At about 5 in the afternoon, the anaesthetist, a red headed guy, comes storming in demanding where I am because he has a great deal to do to get me ready and he grabs my bed and off I go down the passage with the nurse still trying to write down whether I’ve got false teeth or not. Once on the operating table he starts instructing everybody about what has to be done when I quietly but firmly say, “I’ve GOT to wee right now.” The theatre sister says, “Wel mevrou as jy moet dan moet jy’ and finds an old metal bedpan. I think the anaesthetist is about to take off through the ozone layer because of the delay and I make the most ladylike little tinkle, hanging on to the sister for support. And then I think I went to sleep.

When I wake up, I can’t breathe properly and start begging the person standing over me to please help me. “But I em helpink you! Stop shifferink, I kan’t kovver you!” And I knew I have fallen into the hands of the last Kamp commandant of Auschwitz. “Ve gheff vays of makingk you shtopp shifferingk, ja!!” My stay with her is blessedly short and for the rest of that confused evening I’m in the care of a professional and caring nurse who takes off the blanket and puts it on again, depending on whether I’m shivering or boiling.

My stay in intensive care was short and mercifully fairly painless, thanks to a button that I could press to self-medicate.

I recover quickly and fairly soon I feel like myself again. Unfortunately in the rush to get my kidney out, no-one notices that there is another tumour on my adrenal gland on the other kidney. So a year later, I’m in another hospital and my adrenal gland is removed. But now I’m ready for the Kamp Kommandant… anyone who is even maybe nasty will hear from me, I can promise you that! And everyone is so sweet, “How are you feeling? Do you want me to stay with you while you wait? Ag shame, are you cold?” So it seems that the Kommandant is the exception and not the rule, people who care for you in hospitals, as far as I experienced, are kind and caring.

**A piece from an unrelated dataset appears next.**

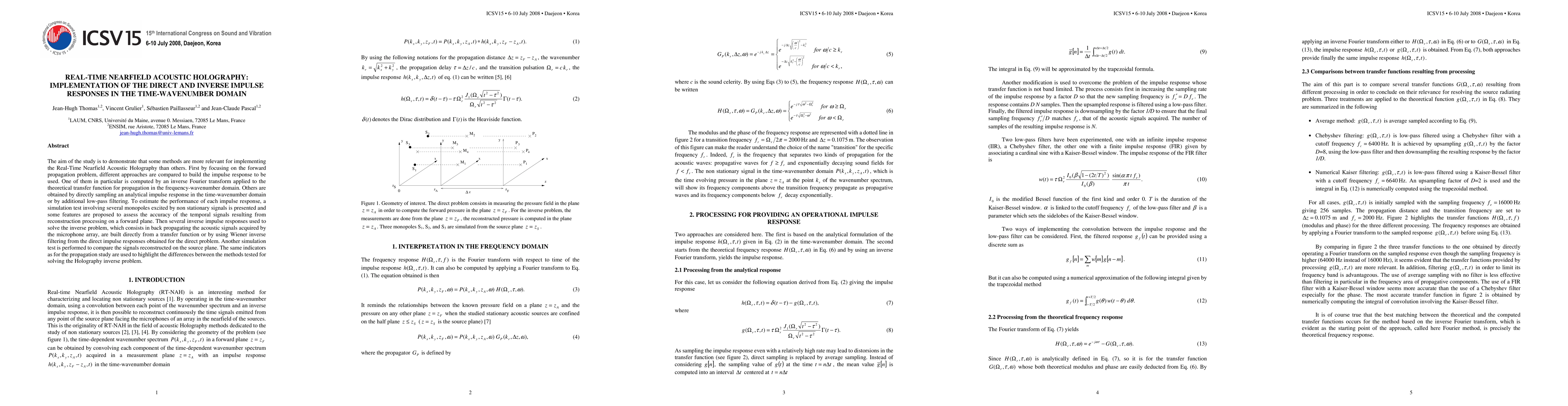 The aim of the study is to demonstrate that some methods are more relevant for implementing the Real-Time Nearfield Acoustic Holography than others. First by focusing on the forward propagation problem, different approaches are compared to build the impulse response to be used. One of them in particular is computed by an inverse Fourier transform applied to the theoretical transfer function for propagation in the frequency-wavenumber domain. Others are obtained by directly sampling an analytical impulse response in the time-wavenumber domain or by additional low-pass filtering. To estimate the performance of each impulse response, a simulation test involving several monopoles excited by non stationary signals is presented and some features are proposed to assess the accuracy of the temporal signals resulting from reconstruction processing on a forward plane. Then several inverse impulse responses used to solve the inverse problem, which consists in back propagating the acoustic signals acquired by the microphone array, are built directly from a transfer function or by using Wiener inverse filtering from the direct impulse responses obtained for the direct problem. Another simulation test is performed to compare the signals reconstructed on the source plane. The same indicators as for the propagation study are used to highlight the differences between the methods tested for solving the Holography inverse problem.

It’s almost three years later and so far I’m OK. I wish I could say that after my brush with cancer I look at life differently or that I’m a better person, but honestly, I think I’m still as difficult as ever and sometimes life still needs to be changed to meet my high expectations of instant gratification! But I have learnt that it is OK to be vulnerable and that there is no greater favour that you can do for any person than to stop and listen to their story, because in the end we are all alone and a little afraid.